Training Accuracy: 1.0
Test Accuracy: 0.4


In [34]:
# 2. What is the effect of restricting the maximum depth of the tree?
# Try different depths and find the best value.

depth_results = {}
for depth in range(1, 11):
    clf = DecisionTreeClassifier(max_depth=depth, random_state=42)
    clf.fit(X_train, y_train_encoded)
    acc = accuracy_score(y_test_encoded, clf.predict(X_test))
    depth_results[depth] = acc
    print(f"Depth: {depth}, Accuracy: {acc}")

best_depth = max(depth_results, key=depth_results.get)
print(f"Best Depth: {best_depth}")
print(f"Test Accuracy for Best Depth: {depth_results[best_depth]}")

Depth: 1, Accuracy: 0.4
Depth: 2, Accuracy: 0.8
Depth: 3, Accuracy: 0.4
Depth: 4, Accuracy: 0.4
Depth: 5, Accuracy: 0.4
Depth: 6, Accuracy: 0.4
Depth: 7, Accuracy: 0.4
Depth: 8, Accuracy: 0.4
Depth: 9, Accuracy: 0.4
Depth: 10, Accuracy: 0.4
Best Depth: 2
Test Accuracy for Best Depth: 0.8


Restricting the maximum depth limits how many splits/decisions the tree can make. This prevents it from learning very specific rules which may reduce its accuracy on the training data but often improves test accuracy by reducing overfitting. For example, a shallow tree might only use Age of home and Local Price, ignoring more detailed splits like # Garages or Living area.

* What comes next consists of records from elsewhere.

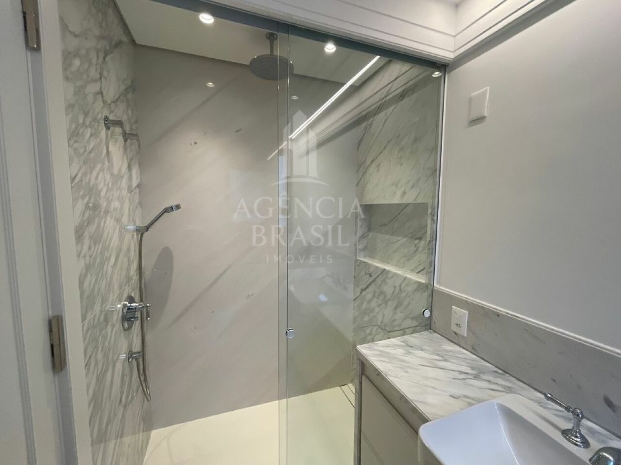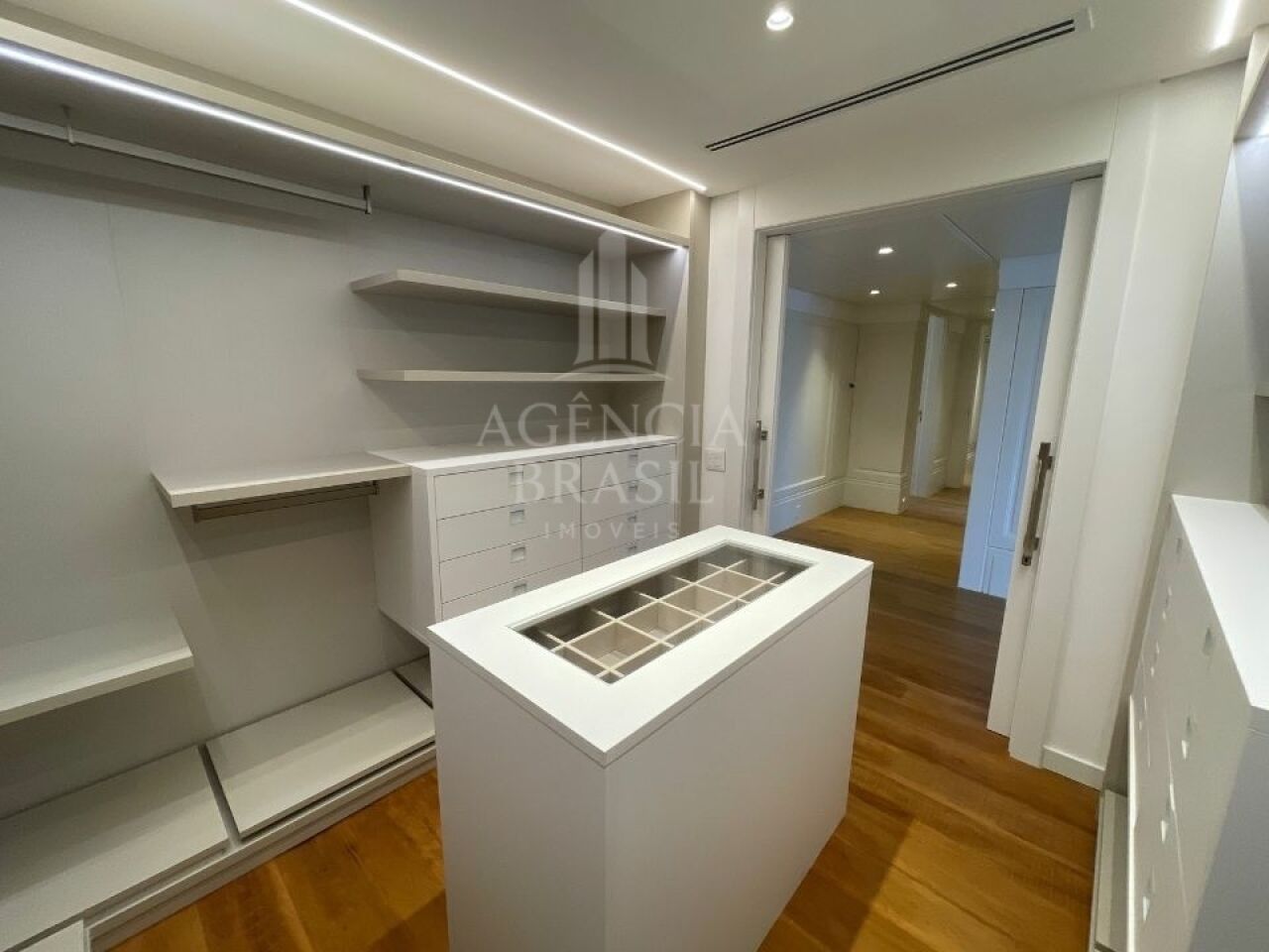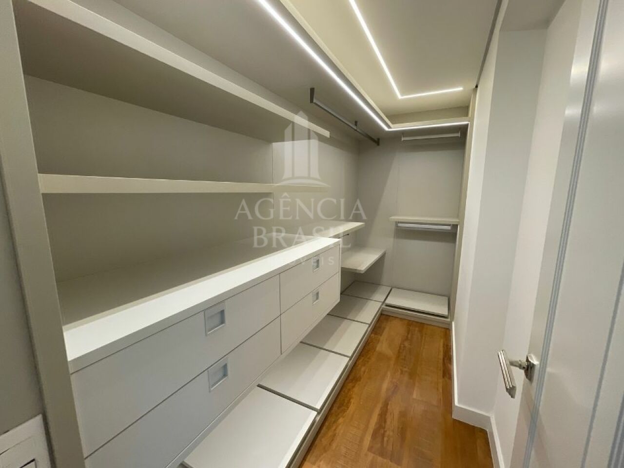 4 suítes generosas, cada uma com armários planejados e banheiros de alto padrão.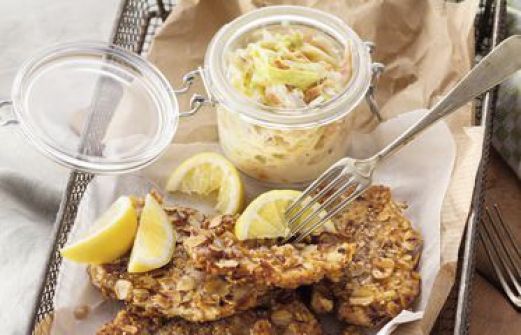 Nuss-Schnitzel mit Cole Slaw Zutaten 1 Spitzkohl (ca. 700 g) 2 Möhren 1 rote Zwiebel 1 Apfel 50 g Mayonnaise 100 g Naturjoghurt 100 ml Buttermilch 3-4 TL Apfelessig 1 TL geriebener Meerrettich (aus dem Glas) Salz Pfeffer 4 dünne Schweineschnitzel (à ca. 100 g) 1 Ei ca [...]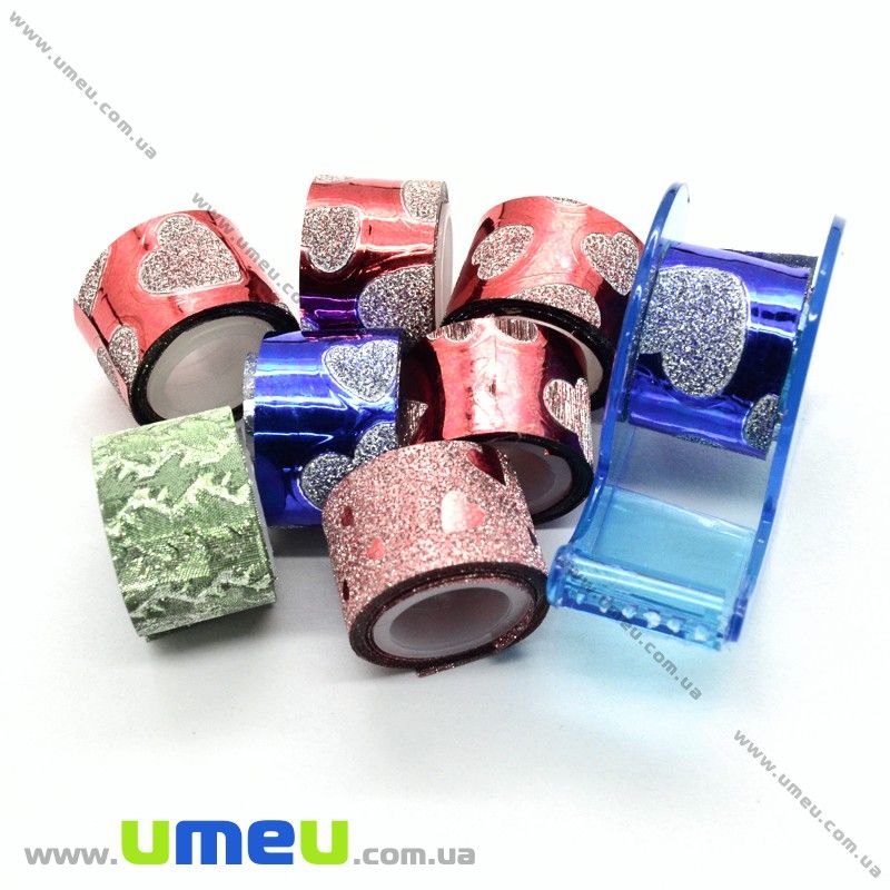 Декоративний скотч гліттерний з дозатором, Мікс, 12 мм (DIF-022564) / 1 уп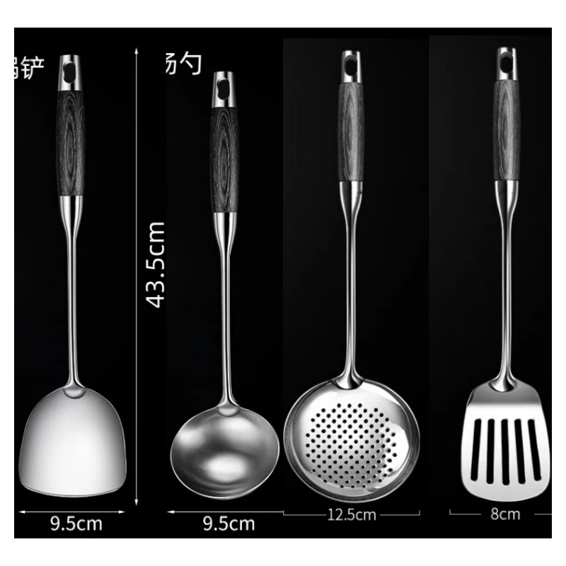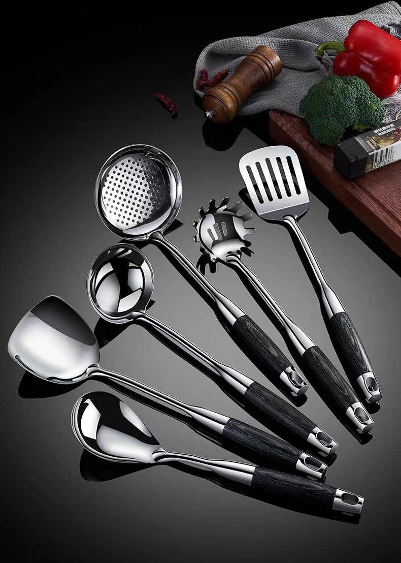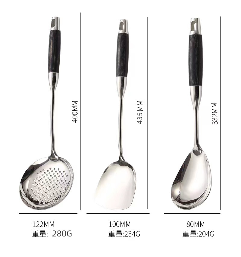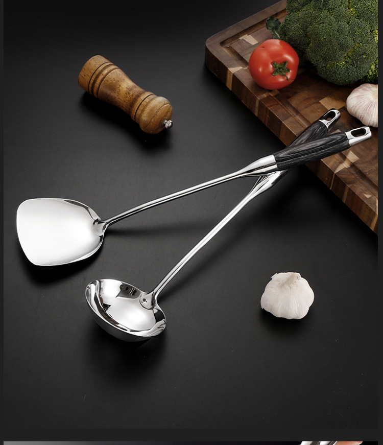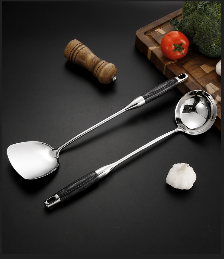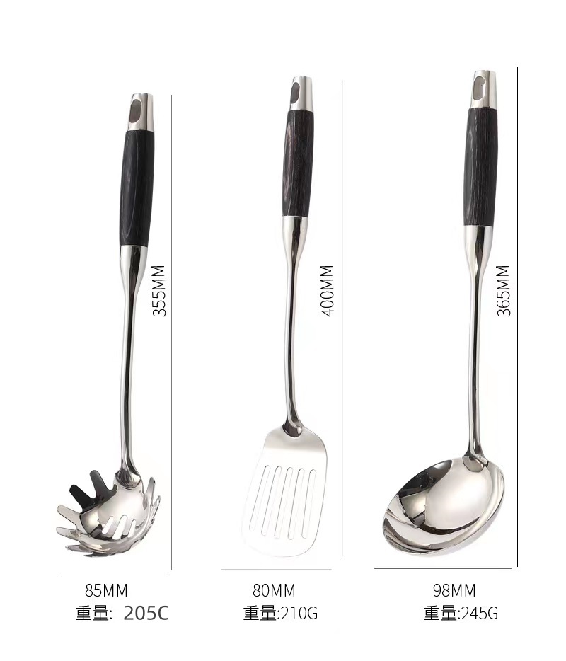 316 스테인레스 스틸 주걱 수프 숟가락 가정용 주방 요리 도구 주방 용품 전체 세트 가벼운 고급 흑단 조리기구 세트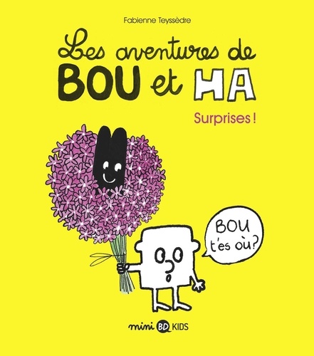 Pour son premier récit en bande dessinée, Fabienne Teyssèdre a créé deux personnages irrésistibles à la "Chapi-Chapo" : Bou et Ha. L'un est noir est filiforme, l'autre est blanc et trapu. Mais une passion les réunit : faire des blagues, jouer à cache-cache et se faire de surprises ! Quelque soit la situation de départ, Bou finit toujours par se cacher tandis que Ha le cherche partout. Quand enfin Bou surgit de sa cachette, il crie bien entendu : "Bou ! ", tandis que Ha, prenant peur, s'écrie : "Ha ! ". Un gag dont on ne se lasse pas : on sursaute de peur et de joie à la fois ! 7 histoires pleines d'onomatopées et de rebondissements : Le cadeau L'anniversaire Le frigo Le parapluie La tour Eiffel Le chat de la voisine Les crêpes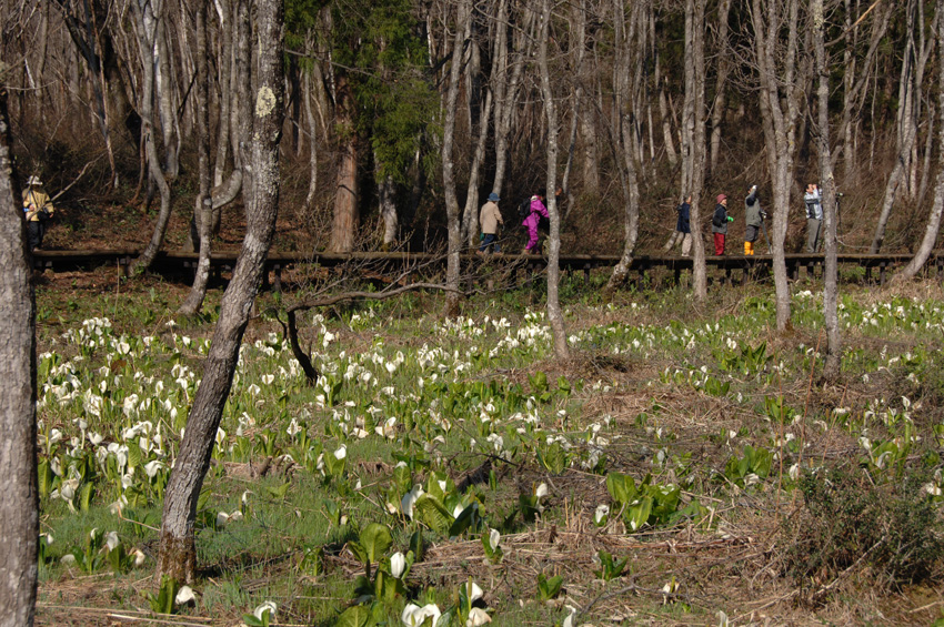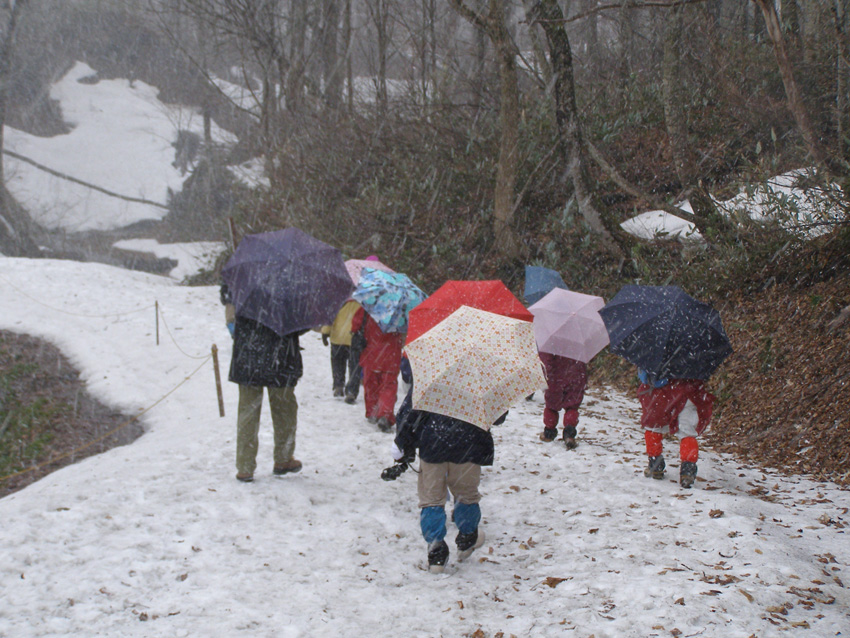 1日目では吹雪になり暖かい地方では体験し得ない雪に皆さん喜んでいました。2日目はとても暖かいお天気になり、白馬の自然の中を探鳥したり、ミズバショウやザゼンソウ、アズマイチゲやバイカモの花等を楽しみました。野鳥はアカゲラ、オシドリ、サンショウクイ、イカル、ニュウナイスズメ等39種を確認することができました。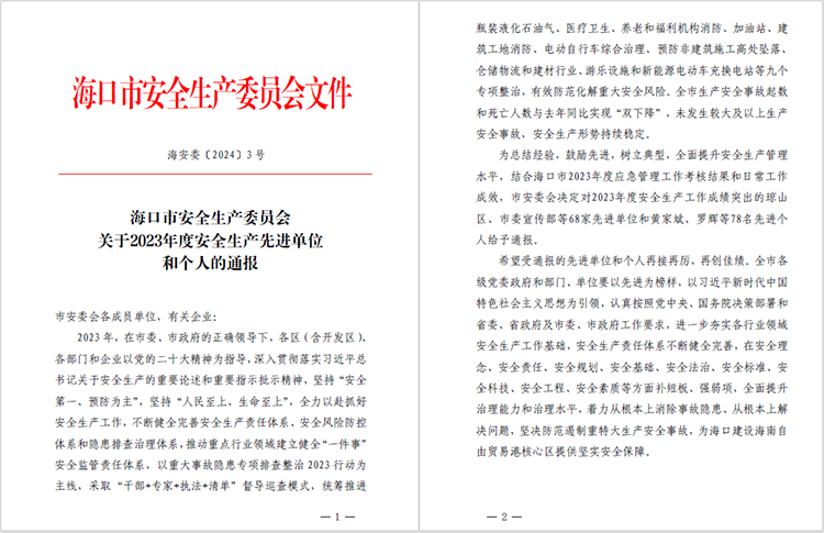 喜報!公司獲評??谑邪踩a(chǎn)委員會2023年度安全生產(chǎn)先進(jìn)單位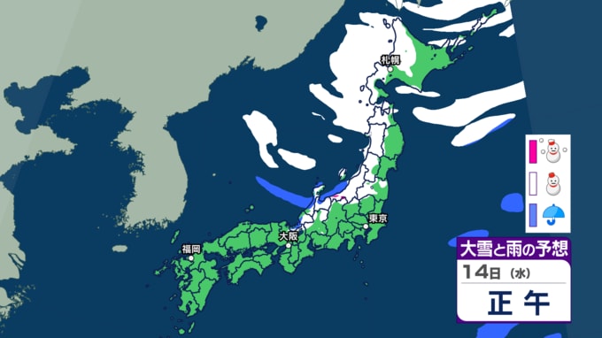 14日は、北日本と北陸地方で雪を伴った非常に強い風が吹き、海は大しけとなるでしょう。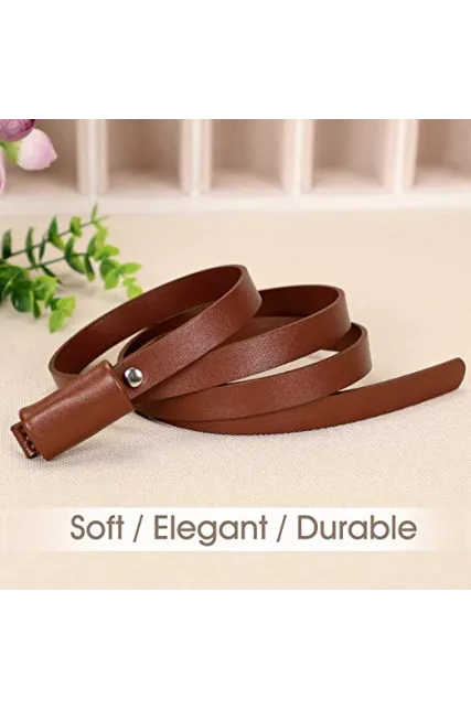 - What is the skinny belt made of ?--- Our women belt is made of top-quality soft leather and some small metal part. Soft,comfortable and durable to wear. Perfect skinny belt for women dress in summer.

### 3. Why does restricting the depth have such a strong effect on the classifier



Restricting the depth of a decision tree strongly affects performance because it controls how much the tree is allowed to split and memorize the training data.

If the depth is too large:
The tree becomes very complex and may memorize noise. This causes overfitting — great training accuracy, but poor generalization to test data.

If the depth is too small:
The tree is too simple to capture patterns in the data. This causes underfitting — it misses important splits and makes poor predictions.

In this case, Depth 2 performed the best while every other one performed worse. The deeper trees after depth 2 performed worse likely due to the small dataset which allowed the model to overfit easily.


In [40]:
# 4. Inference on custom test point
sample = pd.DataFrame([{
    "Local Price": 9.0384,
    "Bathrooms": 1,
    "Land Area": 7.8,
    "Living area": 1.5,
    "# Garages": 1.5,
    "# Rooms": 7,
    "# Bedrooms": 3,
    "Age of home": 23
}])

predicted_class = label_encoder.inverse_transform(clf.predict(sample))[0]
print("Predicted Construction Type: ", predicted_class)

Predicted Construction Type:  Apartment